2011-07-06 Thread Alexander Best
On Wed Jul  6 11, arrowdodger wrote:
 2011/7/6 O. Hartmann ohart...@zedat.fu-berlin.de
 
  When performing an update on the ports tree via portsnap fetch update or
  when checking out (or) large Subversion repositories or when copying large
  data files (~ 50 to 250 GB in size, results from numerical modelings) or
  when compiling world, FreeBD 9.0 and FreeBSD 8.2-STABLE tend to freeze for
  several seconds or drop overall performance dramatically for seconds. On
  boxes with only console- or terminal access (no GUI) a running 'vi' gets
  stuck for seconds while one of the processes producing heavy I/O is running,
  or the output of a 'cat' of a large file stops for several seconds.

this might be a scheduling issue. iirc i/o intensive tasks have higher priority
than cpu intensive tasks, because they are expected to only issue a i/o request
and then free the processor, while cpu intensive tasks occupy the cpu a lot
longer. so maybe a process whith cyclic i/o requests blocks processes which
aren't doing i/o.

maybe playing with ULE's options can improve the situation. since you're
running GENERIC, preemption *should* be enabled. however you should double
check. i once tried running ULE without preemption and experienced exactly the
same situation you described in your mail. for ULE preemption is pretty much
mandatory. for the old 4bsd scheduler, running without preemtion doesn't really
make that much of a difference, compared to running with preemption.

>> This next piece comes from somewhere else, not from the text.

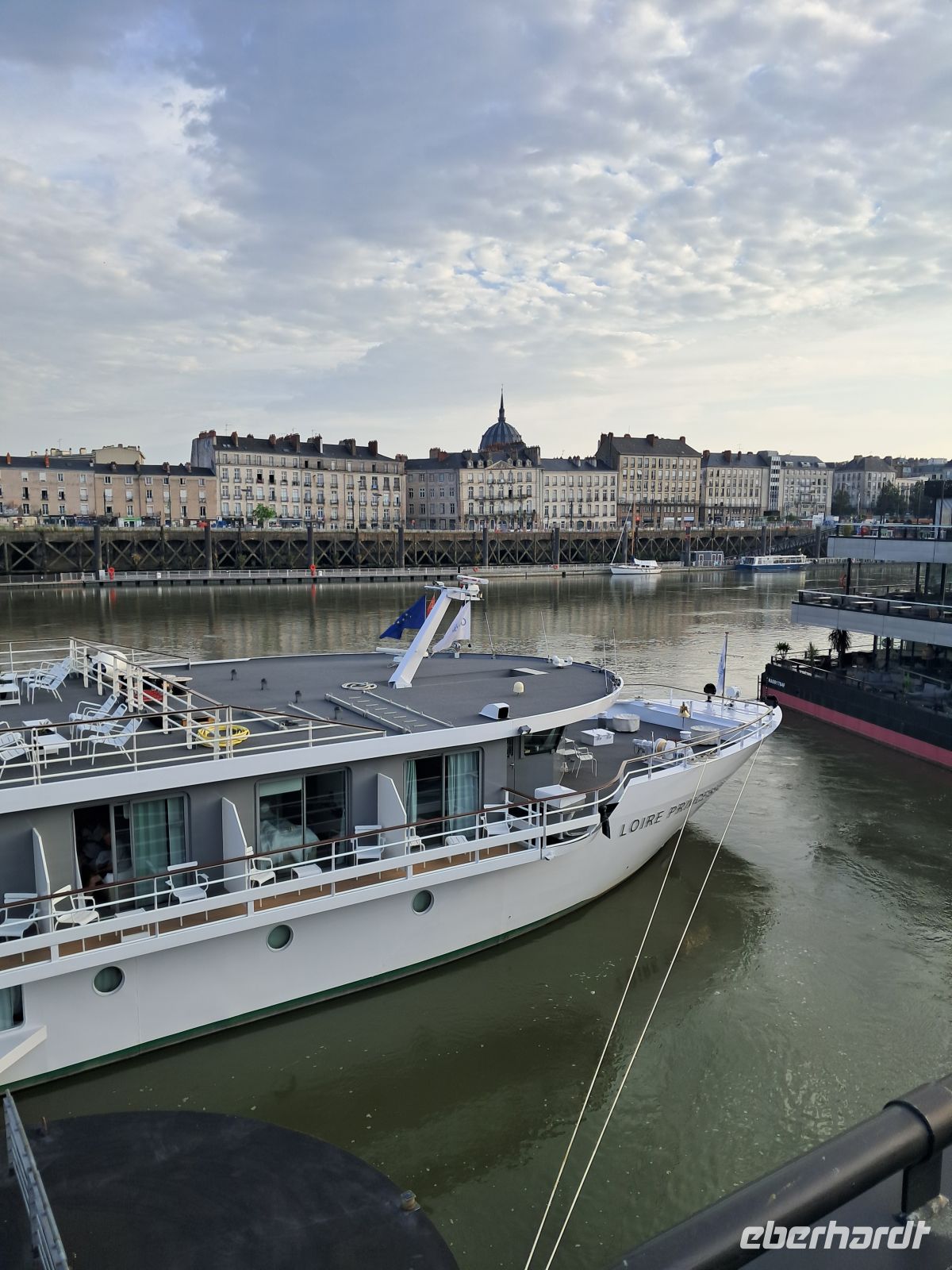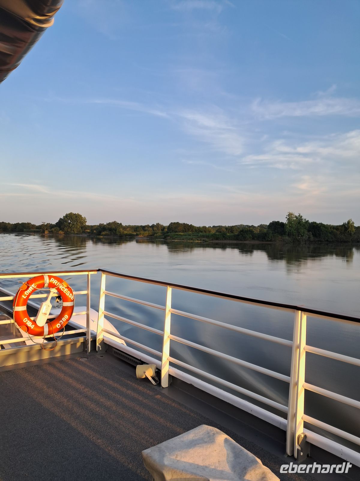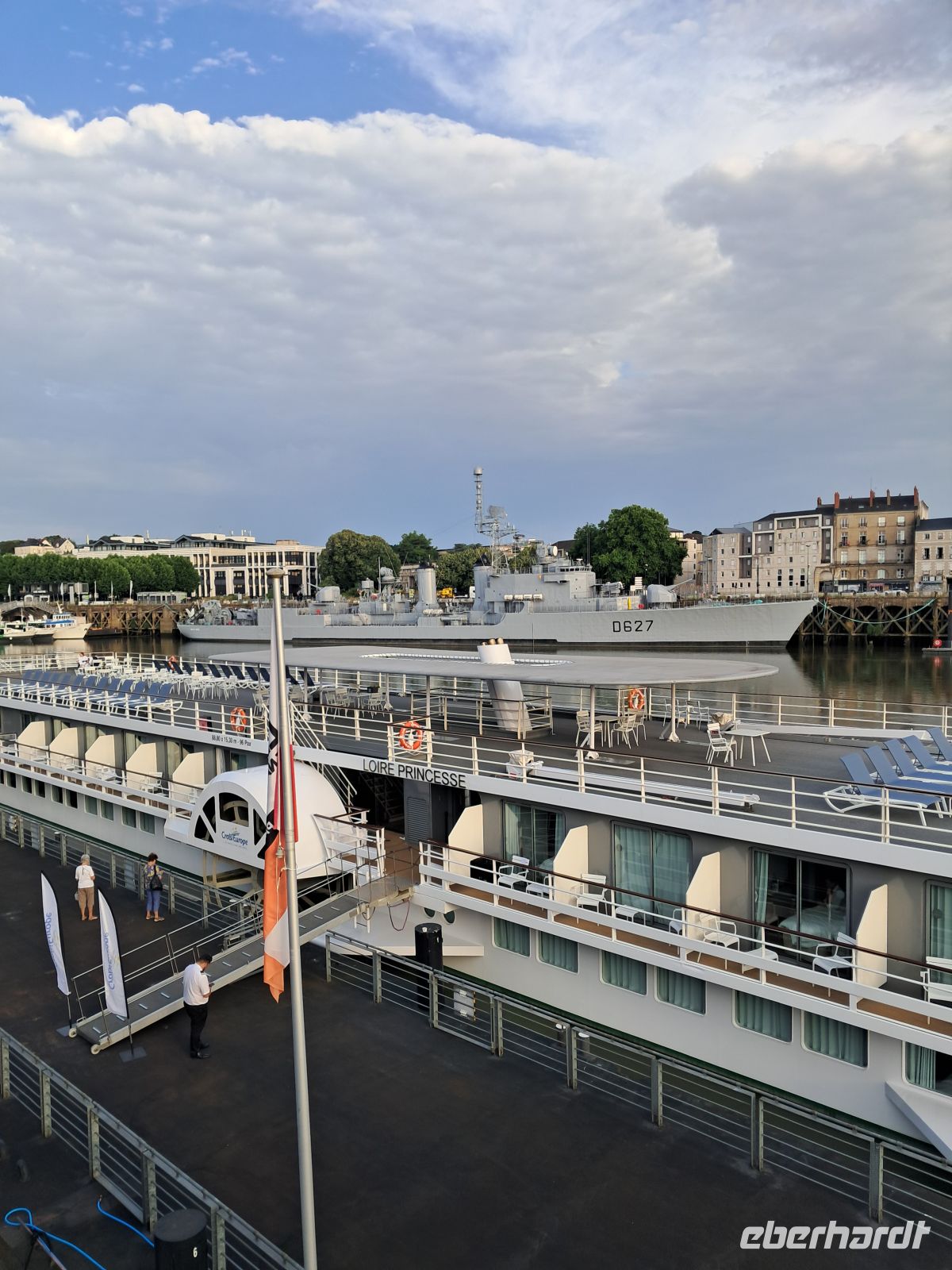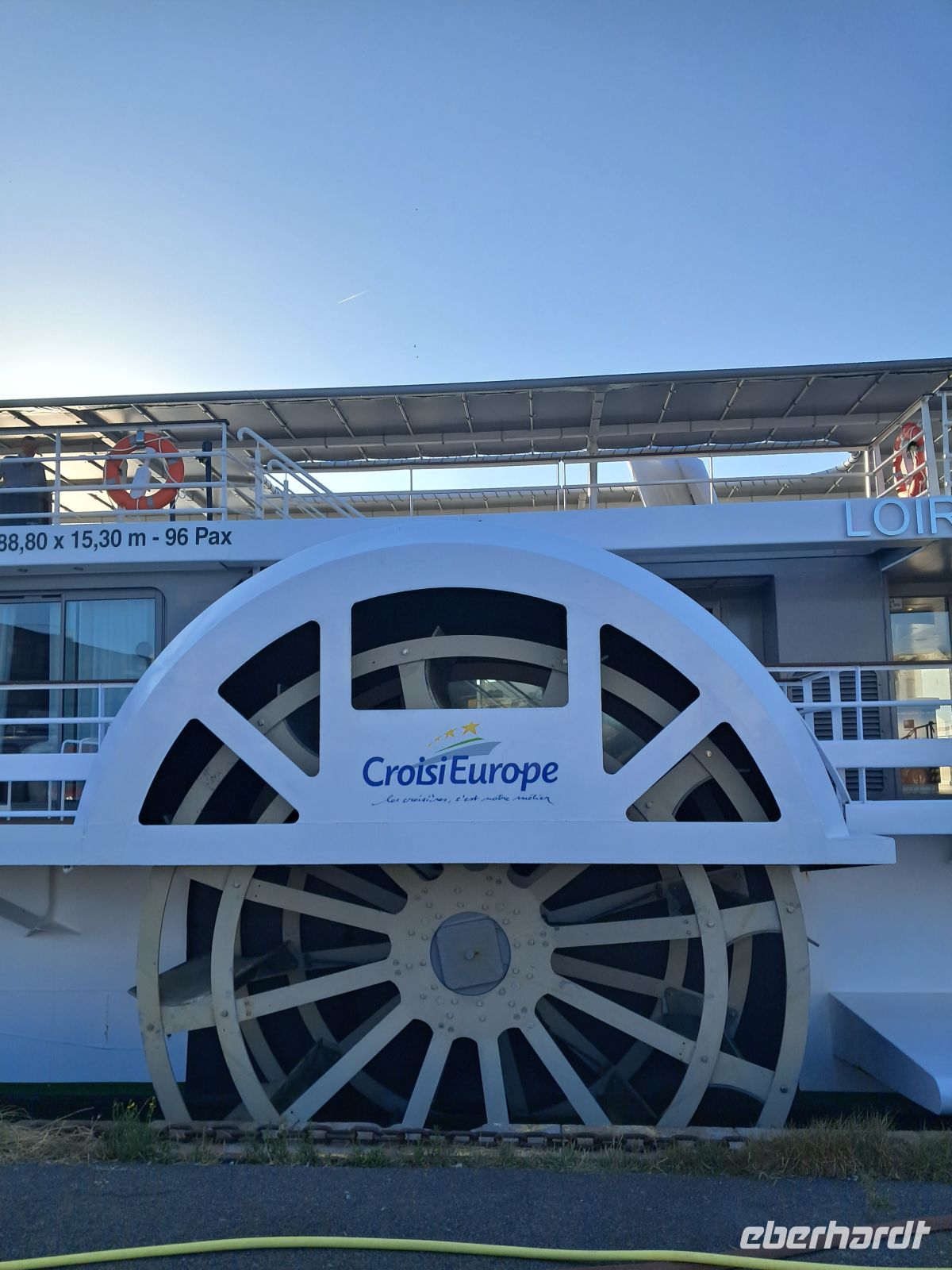 Von Villandry ging es schnurstracks über die Autobahn nach Nantes, wo die Princesse mit ihren beiden Schaufelrädern auf uns wartete. Willkommen an Bord und Leinen los Richtung Saint-Nazaire. Schauen Sie sich unbedingt das Bild mit dem Sonnenuntergang an, das ist absolut echt!

you might also want to try enabling options IPI_PREEMPTION. no idea, if this
improves your situation, though.

cheers.
alex

 
  Using X11, this phenomenon gets even worse and the 'freezing' tends to
  persist sometimes for more than 10 or 15 seconds.
 
 
 I've also had (and still having) this problem on FreeBSD 7.2-RELEASE and
 8-STABLE with both UFS and ZFS. Though, i've been running FreeBSD not on
 powerful servers, but on laptops (2-core CPU's, 2 GB of RAM). But still,
 KDE4 on Linux performs much better during high disk IO.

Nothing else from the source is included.